* **What the exercise asks**
Transcribe the data in full and exactly, omitting any pictures.

* **Materials provided**
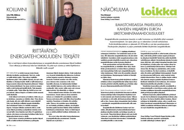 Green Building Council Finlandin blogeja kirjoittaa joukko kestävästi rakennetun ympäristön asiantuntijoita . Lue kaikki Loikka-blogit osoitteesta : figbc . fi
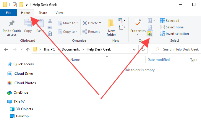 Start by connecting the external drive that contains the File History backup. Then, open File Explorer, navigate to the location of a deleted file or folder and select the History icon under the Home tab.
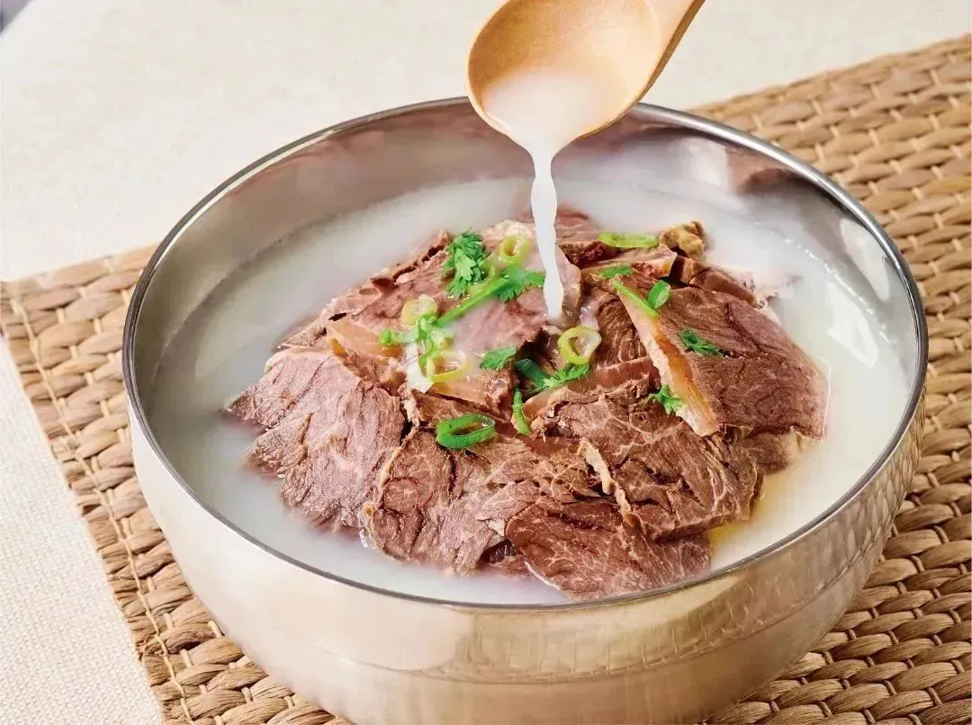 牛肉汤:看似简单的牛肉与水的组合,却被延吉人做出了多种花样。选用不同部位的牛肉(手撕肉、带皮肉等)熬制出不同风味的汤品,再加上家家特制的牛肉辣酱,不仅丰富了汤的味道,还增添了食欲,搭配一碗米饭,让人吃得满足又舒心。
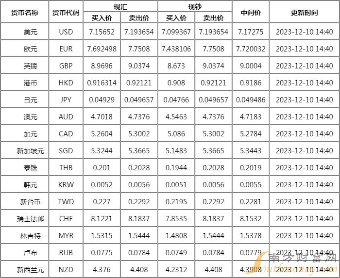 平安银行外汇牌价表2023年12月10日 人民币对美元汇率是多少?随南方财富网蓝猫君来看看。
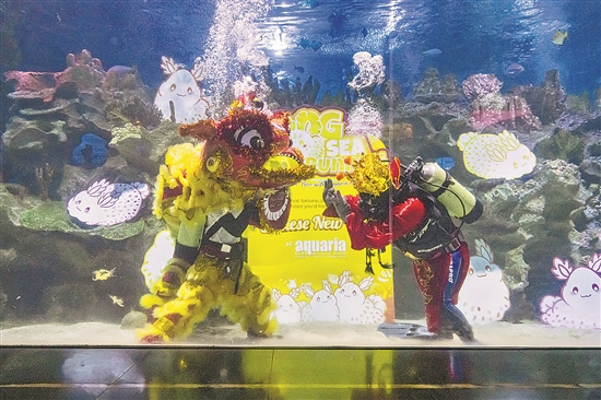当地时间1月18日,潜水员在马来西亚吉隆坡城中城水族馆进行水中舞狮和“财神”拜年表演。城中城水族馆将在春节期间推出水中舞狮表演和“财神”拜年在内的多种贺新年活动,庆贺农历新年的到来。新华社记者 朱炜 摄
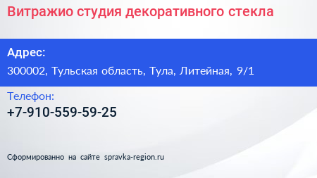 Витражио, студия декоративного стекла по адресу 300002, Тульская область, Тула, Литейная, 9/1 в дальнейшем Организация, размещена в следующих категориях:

* **Answer area**
 Green Building Council Finlandin blogeja kirjoittaa joukko kestävästi rakennetun ympäristön asiantuntijoita . Lue kaikki Loikka-blogit osoitteesta : figbc . fi
 Start by connecting the external drive that contains the File History backup. Then, open File Explorer, navigate to the location of a deleted file or folder and select the History icon under the Home tab.
 牛肉汤:看似简单的牛肉与水的组合,却被延吉人做出了多种花样。选用不同部位的牛肉(手撕肉、带皮肉等)熬制出不同风味的汤品,再加上家家特制的牛肉辣酱,不仅丰富了汤的味道,还增添了食欲,搭配一碗米饭,让人吃得满足又舒心。
 平安银行外汇牌价表2023年12月10日 人民币对美元汇率是多少?随南方财富网蓝猫君来看看。
当地时间1月18日,潜水员在马来西亚吉隆坡城中城水族馆进行水中舞狮和“财神”拜年表演。城中城水族馆将在春节期间推出水中舞狮表演和“财神”拜年在内的多种贺新年活动,庆贺农历新年的到来。新华社记者 朱炜 摄
 Витражио, студия декоративного стекла по адресу 300002, Тульская область, Тула, Литейная, 9/1 в дальнейшем Организация, размещена в следующих категориях:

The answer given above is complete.